Royal Liver Assurance  was a friendly society with over 1.7 million members in Ireland and the United Kingdom. Subject to Financial Services Authority (FSA) approval, Royal Liver and its subsidiaries became part of the Royal London Group on 1 July 2011.

History

The Liverpool Lyver Burial Society was founded by a group of working men from Liverpool in the Lyver Inn on 24 July 1850 to "provide for the decent interment of deceased members". By 1857 the Society had moved to its fourth head office and had expanded throughout the United Kingdom. By the end of the 1890s a decision was taken to build what would become the Royal Liver Building; it opened on 19 July 1911.

William Field was a managing director of Royal Livers Friendly Society in 1911.  His Father, John Field, born 1820 was an agent for the Society by 1860. William Field is pictured in the 150-year Commemorate Book put out by the Society. It is believed that one of the pillars of the Royal Liver Building has the family Motto "Fair Field No Favours" on it. William Field died in 1916 while still employed by the Society. It is believed that others of the Field family were also involved with the management of the Society during this time.

During the 20th century, Royal Liver Assurance expanded to cover the whole of Ireland and the UK.

Today, Royal Liver Assurance employs around 900 people, has approximately 3.4 million policies in force for 1.7 million members and manages more than £3.7 billion in funds.

The Royal Liver Assurance has operated a delegation system since 1886; today, there are about 230 or so elected delegates.

The Royal Liver Poetry of Place competition sees schoolchildren write poems about their favourite Liverpool places, which are voted for by the public via the Royal Liver website.

Royal Liver Group
At the time of its acquisition by the Royal London Group in 2011 The Royal Liver Group consisted of:
 Royal Liver Assurance Limited (RLAL), an Incorporated Friendly Society, founded in Liverpool in 1850 for the mutual benefit and financial security of local families.
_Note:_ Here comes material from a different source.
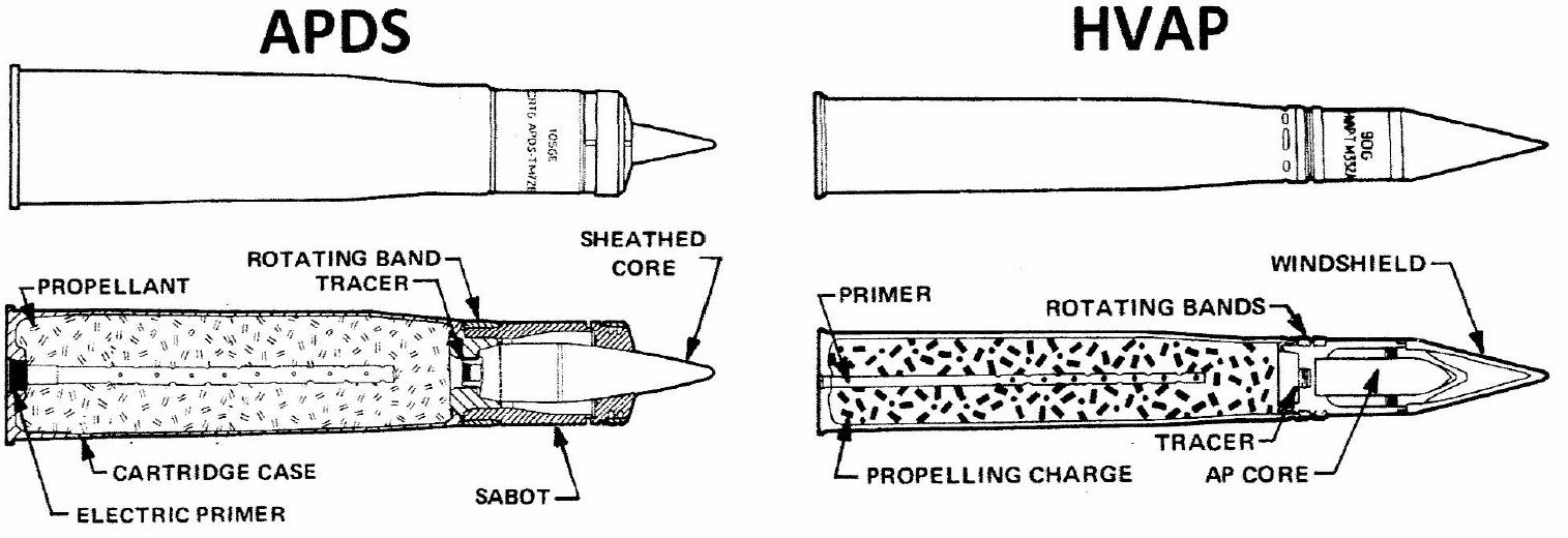 In order to increase velocity further designers developed the high-velocity armor-piercing (HVAP) round by encasing a tungsten carbide sub-caliber penetrator within a larger, duraluminum projectile.  Having lighter weight and greater speed the outer shell upon impact peeled away “and the projectile’s energy was concentrated on a smaller impact point of the hard metal penetrator.”[11]  Two disadvantages with this round was one, the lighter round had poor long-range performance and two, and tungsten carbide was a badly needed, precious commodity for industrial tools during the war.

RLAL also traded under the names Progress (in the UK) and Caledonian Life (in Ireland).

RLAL had two subsidiary companies:
 Royal Liver Asset Managers in the UK
 Citadel Financial Advice Limited in Ireland.

Royal Liver previously had a financial advisor company called Park Row, however this was wound up following an investigation by the FSA.

Although owned by Royal Liver, Citadel is an independent company offering financial advice on a wide range of issues and financial services in Ireland.

Takeover

In 2007, Royal London approached Royal Liver about a possible combination of their businesses, but Royal Liver decided to remain as an independent entity.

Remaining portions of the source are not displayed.